Debbie Wright's Story: A Journey of Discovery with Usher Syndrome and Being Deafblind

Deaf Culture   |  Monday, June 26, 2017

By Kathleen Marcath

This article is by guest blogger Kathleen Marcath. Kathleen has a BA in Deaf Community Studies and is passionate about helping students and families make connections through American Sign Language.

While in the company of friends seeking a cure for blindness at a VisionWalk luncheon held by The Foundation Fighting Blindness (FFB), Debbie Wright and her mother Joan candidly share their personal story - their choices, the learning, denying, and accepting the reality of living with Usher syndrome and being Deafblind. This is Debbie Wright's story, as told by Debbie and her mother Joan - a journey of discovery with Usher syndrome and being Deafblind.

An Important Question: Can Debbie Hear?

Debbie Wright as a baby.
Debbie Wright as a baby. (Source: Wright Family)
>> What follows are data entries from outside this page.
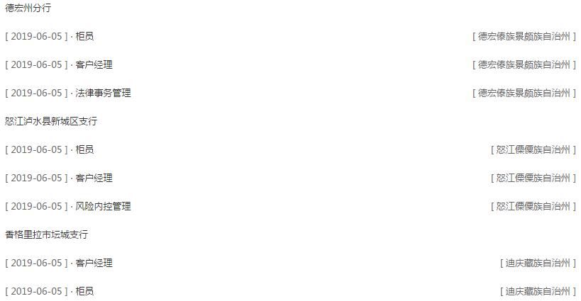 其中,怒江瀘水縣新城區(qū)支行、迪慶香格里拉縣壇城支行招聘學(xué)歷條件為具有國家統(tǒng)招的普通高等院校大學(xué)專科(含)以上學(xué)歷。
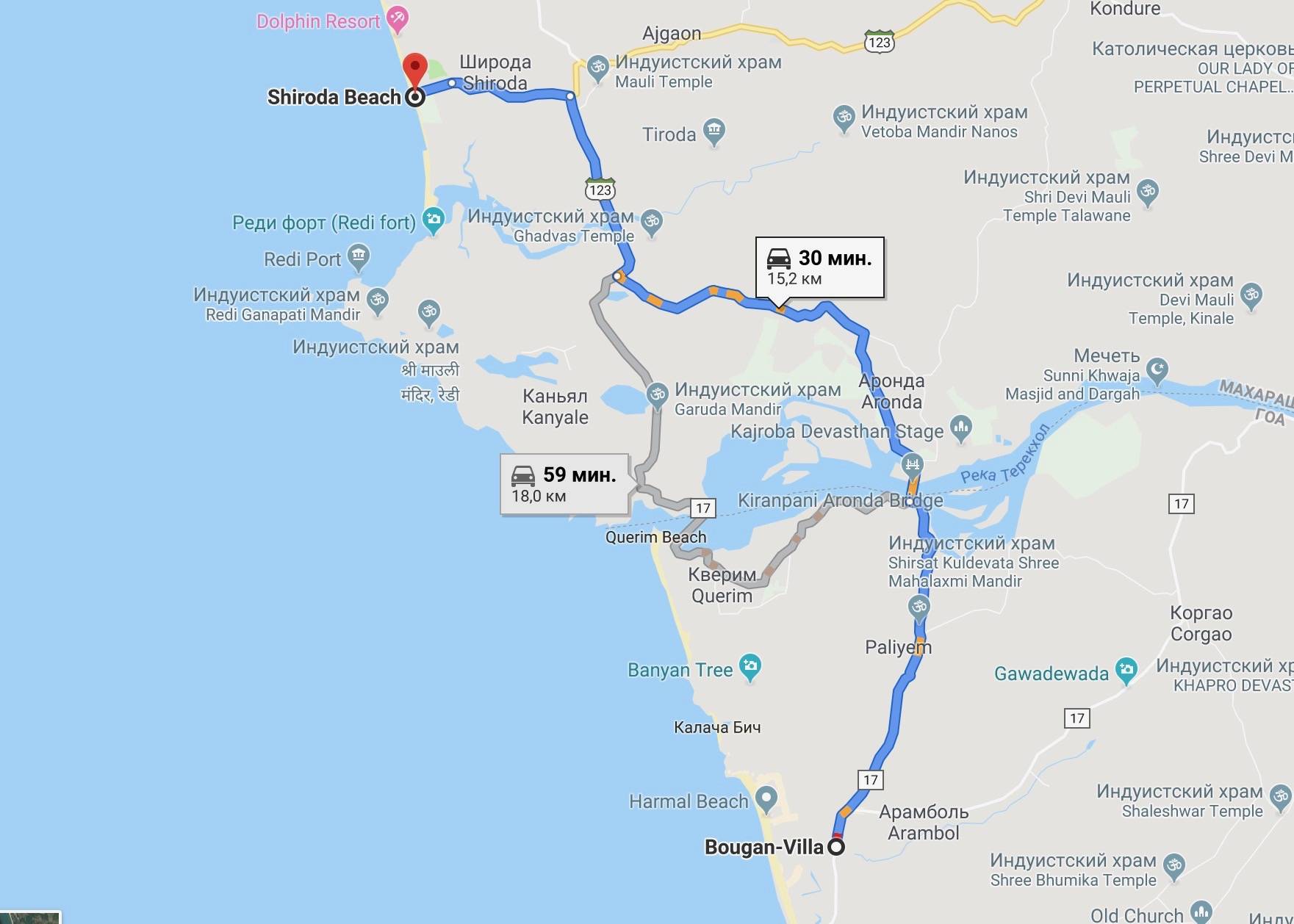 Растояние от Арамболя пятнадцать киллометров, на скутере вы преодалеете за 35 минут спокойной езды. Вбейте в карту вот эти координаты и выставьте маршрут 15.769373, 73.661935 такой же как на скрине ниже.
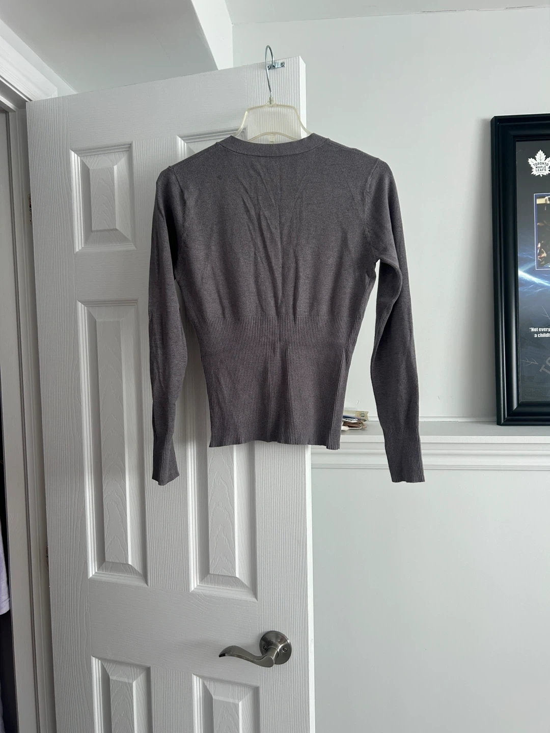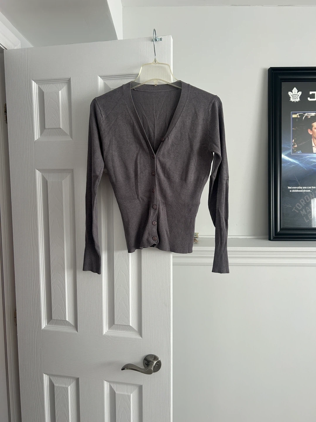 Selling a gently used grey cardigan sweater. It's in great condition and perfect for layering! The material is soft and comfortable. It has a classic button-down design.
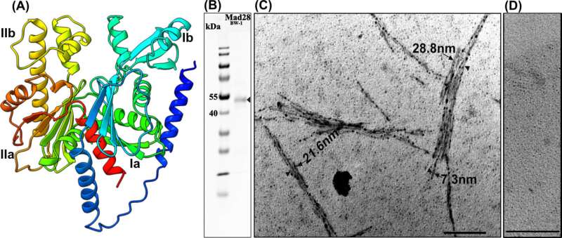 (A) Alphafold預測的BW-28的Mad1三維結構模型。結構中標明了四個肌動蛋白結構域 Ia、Ib、IIa 和 IIb。(B) 純化的 N 端 His 標簽的 Mad28 的 SDS-PAGEBW-1型來自大腸桿菌。(C)Mad28的體外聚合BW-1型在存在 ATP-γ-S 且沒有 ATP (D) 的情況下,通過 TEM 可視化。比例尺,100 nm。圖片來源:mBio (2023)。DOI: 10.1128/mbio.01649-23
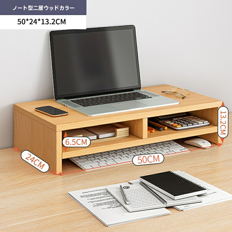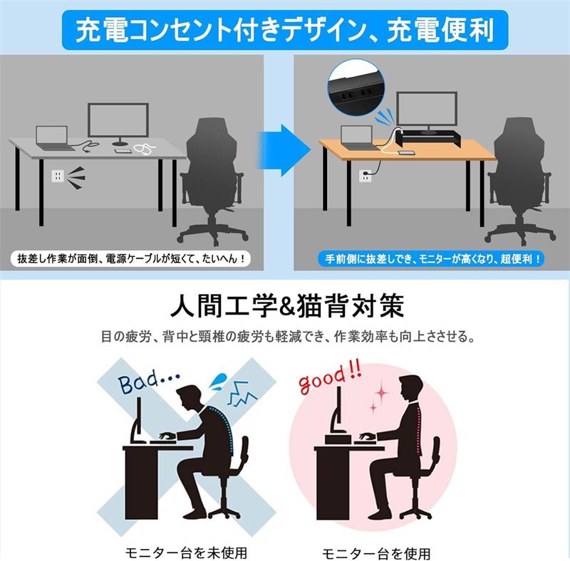 モニター台 モニタースタンド 幅50×奥行24×高さ14cm パソコン台 組立簡単 滑り止め 人間工学デザイン 姿勢改善 調整可能な高さ パソコンラック マウス収納 卓上収納 長時間作 キーボード収納
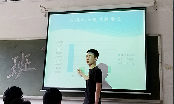 会上,各班学委对所在班级上学期期末的个人成绩作出总体汇报(包括排名、挂科率等在内五个方面),根据各班具体情况的不同,采取不同方式对本班成绩作出具体分析。大多数班级对班上每位同学的成绩作出折线统计图,通过与其以往成绩和班级平均成绩的对比,清晰明了地反映出每个人是进步还是退步,并客观理性地逐个分析原因,提出解决对策。

For Debbie Wright, the diagnosis of her hearing loss would take nearly ten months at the persistence only of her mother. Her mother, Joan, was a special education teacher observant and intuitive in working with blind children. Joan clearly remembers the day Debbie was born, her third child, along with the events before being released from the hospital.

It was June 1969. After a normal delivery, the customary hospital stay was three days or more. Debbie was brought in for feeding after delivery; she was lying on the foot of Joan’s hospital bed. Suddenly a food tray crashed to the floor in the hallway, startling everyone, but not Debbie.

Joan was puzzled. Joan shared her concern with Debbie’s dad, Richard. Richard assured her, they had two children at home who could hear just fine, naturally their third child could hear also. Each day in the hospital, Joan kept a watchful eye on Debbie’s responses to sound. Debbie was not underweight and did not present any other reason to suspect that she might have a hearing loss that would warrant medical concern. However, before leaving to take Debbie home she had convinced the doctor to perform a hearing screening.

The audiogram for Debbie was performed in Joan’s hospital room. Joan recalls, "the tools were primitive." The room was noisy with loud banging and the slamming of doors. Nonetheless Debbie’s hospital audiogram recorded "normal" hearing.

Causes of Hearing Loss in Newborns

About 2 to 3 out of every 1,000 children in the United States are born with a detectable level of hearing loss in one or both ears.

More than 90% of deaf children are born to hearing parents. About 1 out of 2 cases of hearing loss in babies is due to genetic causes. Some babies with a genetic cause for their hearing loss might have family members who also have a hearing loss. However, it’s important to note that less than 10% of children born deaf are born to deaf parents.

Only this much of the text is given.